Modern enterprises frequently run mission-critical databases containing upwards of several hundred gigabytes and, in some cases, several terabytes of data. These enterprises are challenged by the support and maintenance requirements of very large databases (VLDB), and must devise methods to meet those challenges.
Introduction to Partitioning
Partitioning addresses key issues in supporting very large tables and indexes by letting you decompose them into smaller and more manageable pieces called partitions, that happen to be entirely transparent to an application.
SQL queries and DML statements do not need to be modified in order to access partitioned tables. However, after partitions are defined, DDL statements can access and manipulate individual partitions rather than entire tables or indexes. This is how partitioning can simplify the manageability of enormous database objects.
Each partition of a table or index must have the same logical attributes, such as column names, data types, and constraints, but each partition can have separate physical attributes such as compression enabled or disabled, physical storage settings, and table spaces.
Partitioning is helpful for many different types of applications, particularly applications that manage large volumes of data. OLTP systems often benefit from improvements in manageability and availability, while data warehousing systems benefit from performance and manageability.
Partitioning offers these advantages:
- It enables data management operations such as data loads, index creation and rebuilding, and backup/recovery at the partition level, rather than on the entire table. This results in significantly reduced times for these operations.
- It improves query performance. In many cases, the results of a query can be achieved by accessing a subset of partitions, as opposed to the entire table. For some queries, this technique (called partition pruning) can provide order-of-magnitude gains in performance.
- It significantly reduces the impact of scheduled downtime for maintenance operations.
- Partition independence for partition maintenance operations lets you perform concurrent maintenance operations on different partitions of the same table or index. You can also run concurrent SELECT and DML operations against partitions that are unaffected by maintenance operations.
- It increases the availability of mission-critical databases if critical tables and indexes are divided into partitions to reduce the maintenance windows, recovery times, and impact of failures.
- Parallel execution provides specific advantages to optimize resource utilization, and minimize execution time. Parallel execution against partitioned objects is key for scalability in a clustered environment. Parallel execution is supported for queries as well as for DML and DDL.
VLDB and Partitioning
A very large database has no minimum absolute size. Although a VLDB is a database like smaller databases, there are specific challenges in managing a VLDB. These challenges are related to the sheer size, and the cost-effectiveness of performing operations against a system that size, taken for granted on smaller databases.
Several trends have been accountable for the steady growth in database size:
- For a long time, systems have been developed in isolation. Companies have started to see the benefits of combining these systems to enable cross-departmental analysis while reducing system maintenance costs. Consolidation of databases and applications is a key factor in the ongoing growth of database size.
- Many businesses face regulations that set specific requirements for storing data for a minimum amount of time. The regulations generally result in more data being stored for longer periods of time.
- Companies grow organically and through mergers and acquisitions, causing the amount of generated and processed data to increase. At the same time, the user population that relies on the database for daily activities increases.
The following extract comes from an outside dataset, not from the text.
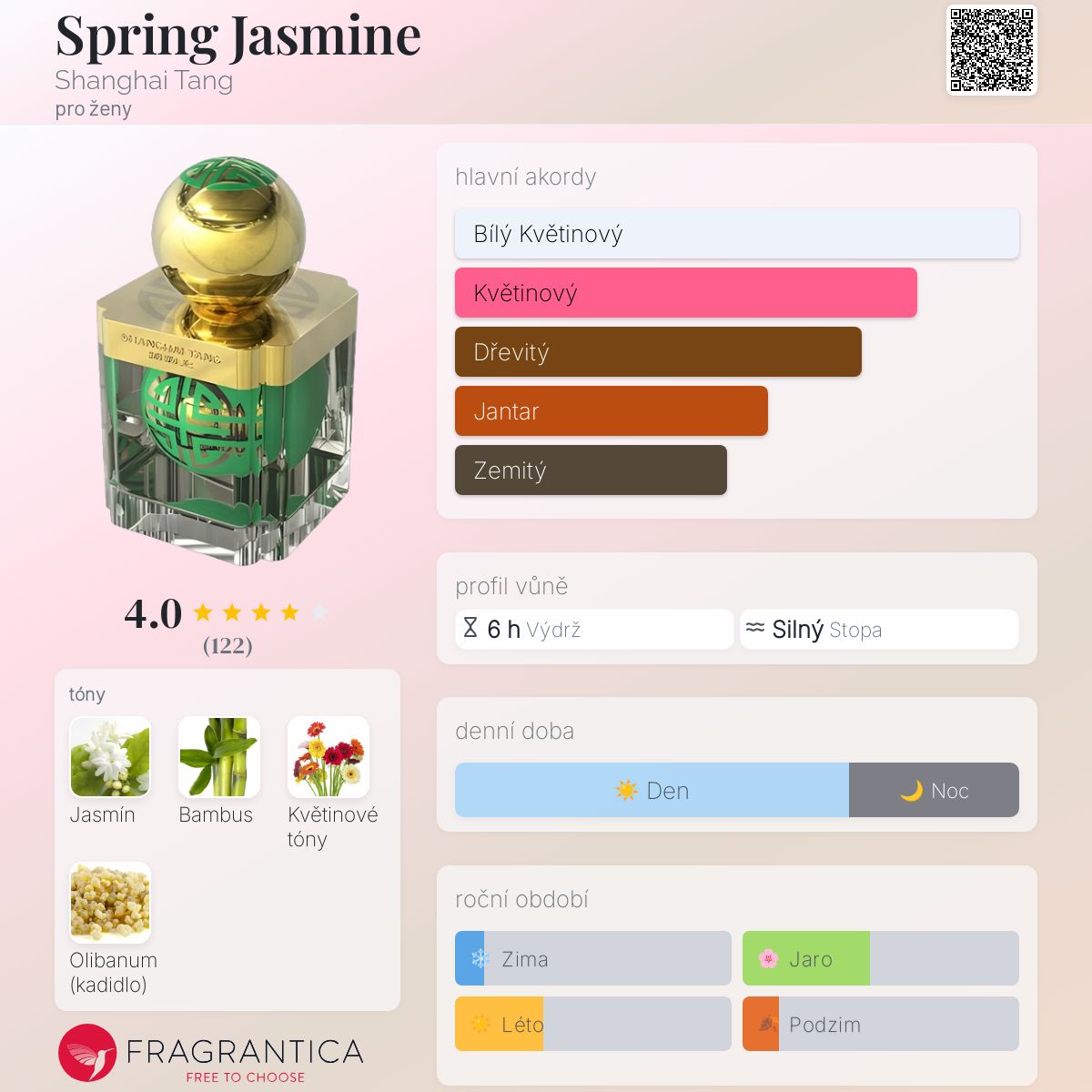 Spring Jasmine podle Shanghai Tang je Floral vůně pro ženy. Spring Jasmine byl/a uveden/a v roce 2014. "Nosem" za touto vůní je Carlos Benaïm. Vrchní tón je Bambus ; střední tóny jsouJasmín a Květiny ; základní tón je Olibanum.

Partitioning is a critical feature for managing significantly large databases. Growth is the basic challenge that partitioning addresses for very large databases, and partitioning enables a “divide and conquer” technique for managing the tables and indexes in the database, especially as those tables and indexes grow. Partitioning is the feature which permits a database to scale for very large datasets while maintaining consistent performance, without unduly increasing administrative or hardware resources.
Partitioning for Every Database
The benefits of partitioning are not just for very large databases; every database, even small databases, can benefit from partitioning. While partitioning is a necessity for the largest databases in the world, partitioning is obviously beneficial for the smaller database as well. Even a database whose size is measured in megabytes will see the same type of performance and manageability benefits from partitioning as the largest multi-terabyte systems.